### Assignment
Output, exactly as written, the lines below starting at the line containing "这款汉米尔顿手表,采用阿拉伯" and ending at the line containing "An elegant and". Drop the pictures and keep both end lines.

Segment Start: Materials provided

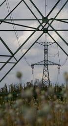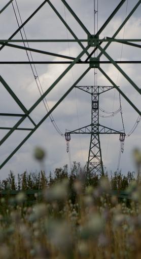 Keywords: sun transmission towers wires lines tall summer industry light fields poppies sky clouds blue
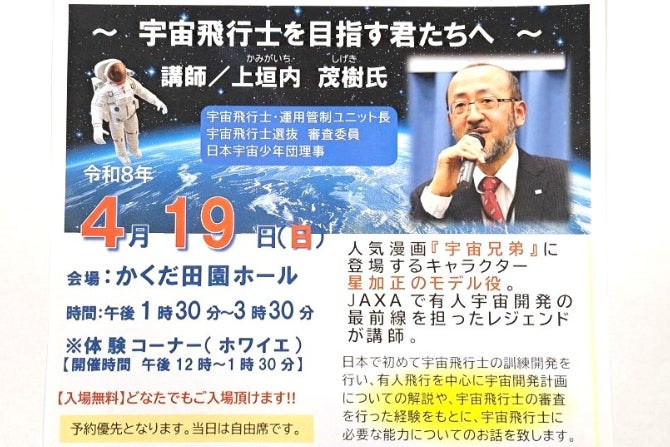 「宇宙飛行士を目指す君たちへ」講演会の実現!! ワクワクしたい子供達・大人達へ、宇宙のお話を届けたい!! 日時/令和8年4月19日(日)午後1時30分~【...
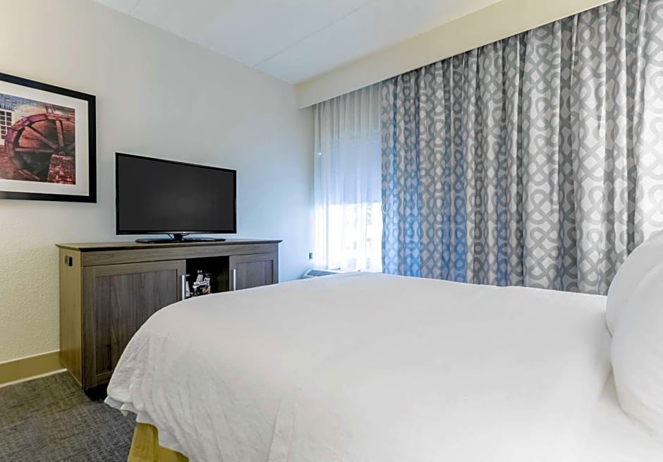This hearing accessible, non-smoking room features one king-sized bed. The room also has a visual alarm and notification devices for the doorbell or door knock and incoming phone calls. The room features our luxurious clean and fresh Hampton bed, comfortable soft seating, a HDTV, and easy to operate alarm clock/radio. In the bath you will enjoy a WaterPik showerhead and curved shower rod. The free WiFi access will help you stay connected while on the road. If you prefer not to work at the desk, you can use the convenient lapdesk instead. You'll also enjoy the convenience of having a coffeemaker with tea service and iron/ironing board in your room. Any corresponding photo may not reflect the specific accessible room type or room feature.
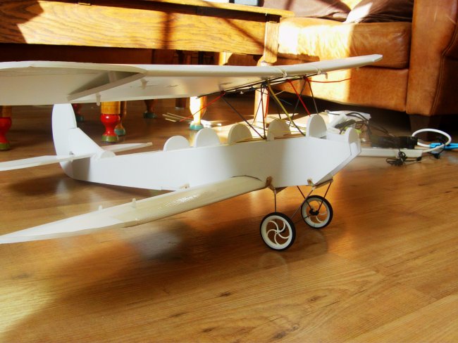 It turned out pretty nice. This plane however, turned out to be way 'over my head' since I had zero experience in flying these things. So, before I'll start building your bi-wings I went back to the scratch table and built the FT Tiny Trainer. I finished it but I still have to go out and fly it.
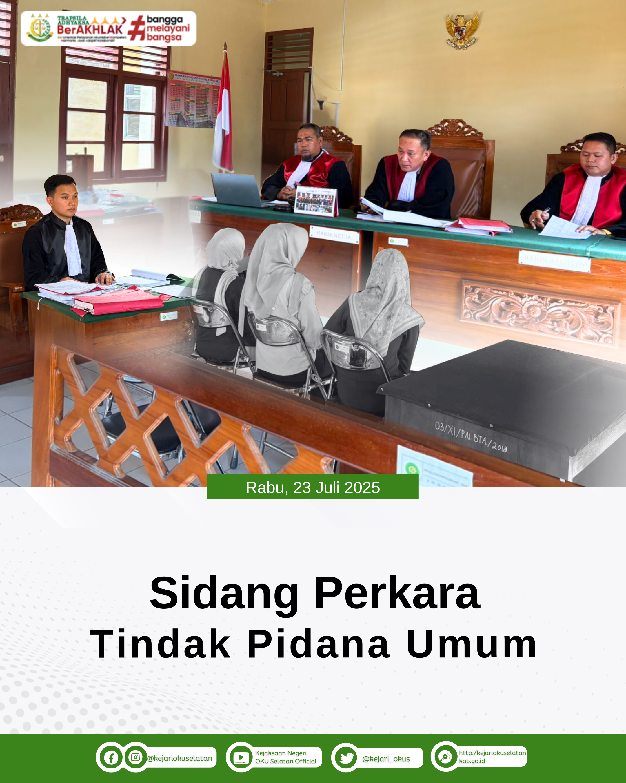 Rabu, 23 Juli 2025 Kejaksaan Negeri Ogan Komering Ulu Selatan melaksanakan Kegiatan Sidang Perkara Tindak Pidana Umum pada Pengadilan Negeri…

Segment End: Materials provided
Segment Start: Materials provided

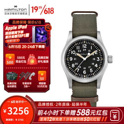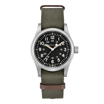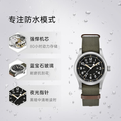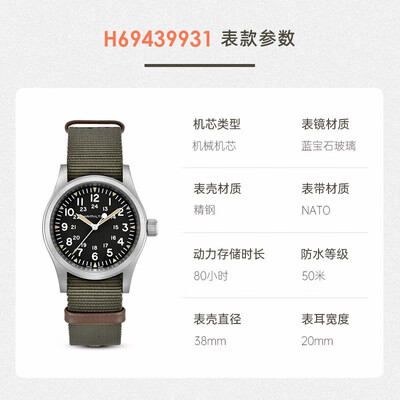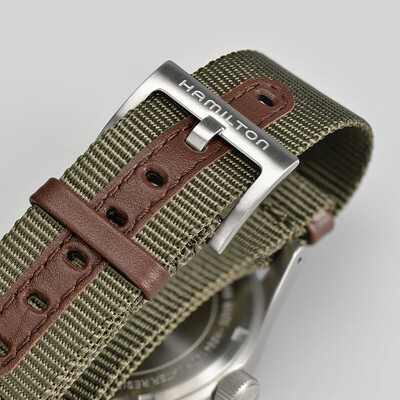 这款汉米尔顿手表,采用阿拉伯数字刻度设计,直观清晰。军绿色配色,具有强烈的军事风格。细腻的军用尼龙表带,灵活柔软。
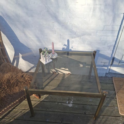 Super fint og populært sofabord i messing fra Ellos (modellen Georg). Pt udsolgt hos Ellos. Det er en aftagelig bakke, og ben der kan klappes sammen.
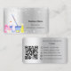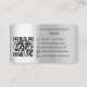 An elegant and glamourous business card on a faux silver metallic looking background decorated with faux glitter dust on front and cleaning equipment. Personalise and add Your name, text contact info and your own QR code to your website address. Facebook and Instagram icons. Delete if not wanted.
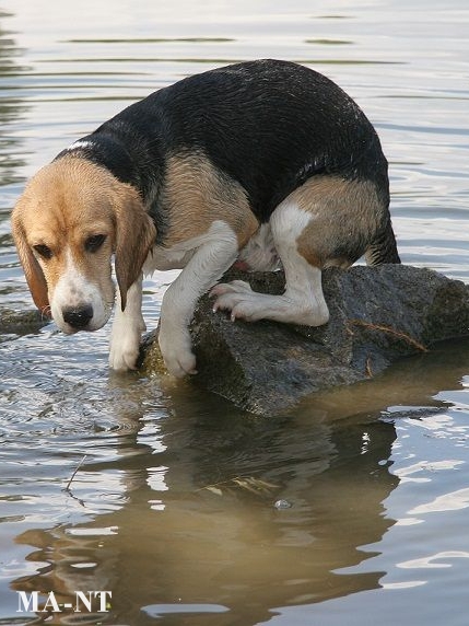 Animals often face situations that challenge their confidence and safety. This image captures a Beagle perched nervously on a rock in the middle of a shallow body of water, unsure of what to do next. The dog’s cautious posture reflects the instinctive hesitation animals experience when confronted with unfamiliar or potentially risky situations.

Segment End: Materials provided

### Reply to the exercise
 这款汉米尔顿手表,采用阿拉伯数字刻度设计,直观清晰。军绿色配色,具有强烈的军事风格。细腻的军用尼龙表带,灵活柔软。
 Super fint og populært sofabord i messing fra Ellos (modellen Georg). Pt udsolgt hos Ellos. Det er en aftagelig bakke, og ben der kan klappes sammen.
 An elegant and glamourous business card on a faux silver metallic looking background decorated with faux glitter dust on front and cleaning equipment. Personalise and add Your name, text contact info and your own QR code to your website address. Facebook and Instagram icons. Delete if not wanted.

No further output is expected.